- Task directions -
Once you find the line below that has "2007、08年《初級會計(jì)實(s", output it and every line after it exactly, stopping after the line that has "Büffetwagen BRbumh282 85-40", with no pictures.

- Input data -
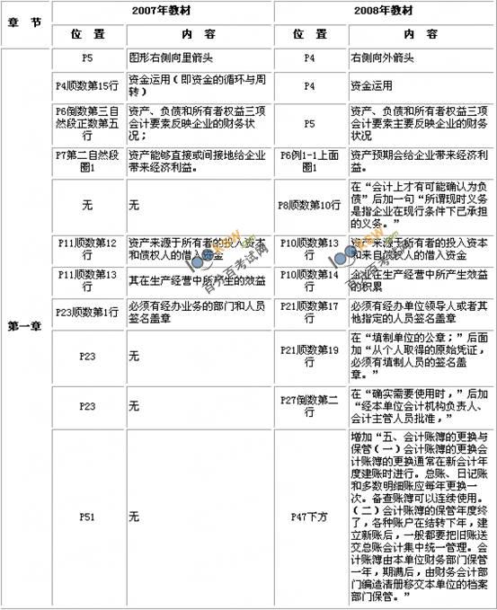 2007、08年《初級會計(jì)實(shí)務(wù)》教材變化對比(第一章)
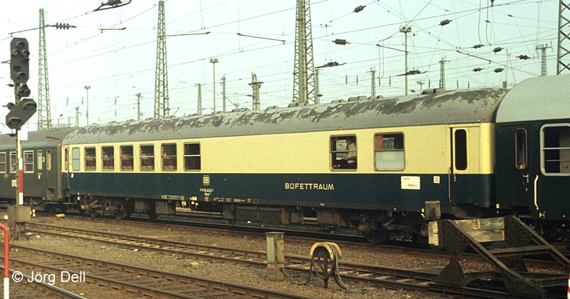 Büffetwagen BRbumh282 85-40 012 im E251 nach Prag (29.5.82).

==

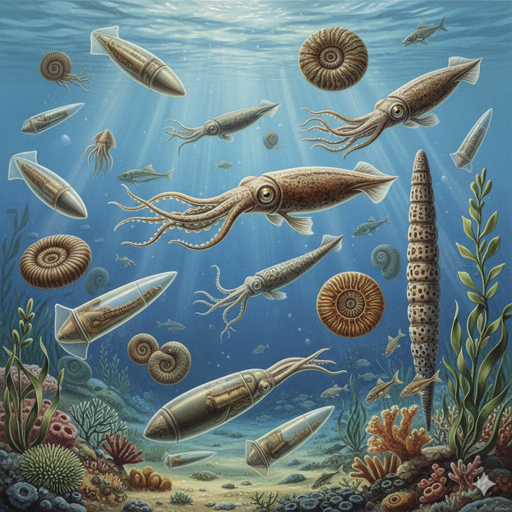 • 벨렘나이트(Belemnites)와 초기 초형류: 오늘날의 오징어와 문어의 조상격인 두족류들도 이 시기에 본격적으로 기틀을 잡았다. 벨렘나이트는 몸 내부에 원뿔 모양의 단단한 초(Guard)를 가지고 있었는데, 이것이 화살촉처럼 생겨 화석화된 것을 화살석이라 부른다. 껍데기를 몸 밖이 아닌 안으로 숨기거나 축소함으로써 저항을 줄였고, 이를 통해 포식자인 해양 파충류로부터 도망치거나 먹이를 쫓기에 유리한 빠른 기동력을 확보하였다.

- Response to the task -
 2007、08年《初級會計(jì)實(shí)務(wù)》教材變化對比(第一章)
 Büffetwagen BRbumh282 85-40 012 im E251 nach Prag (29.5.82).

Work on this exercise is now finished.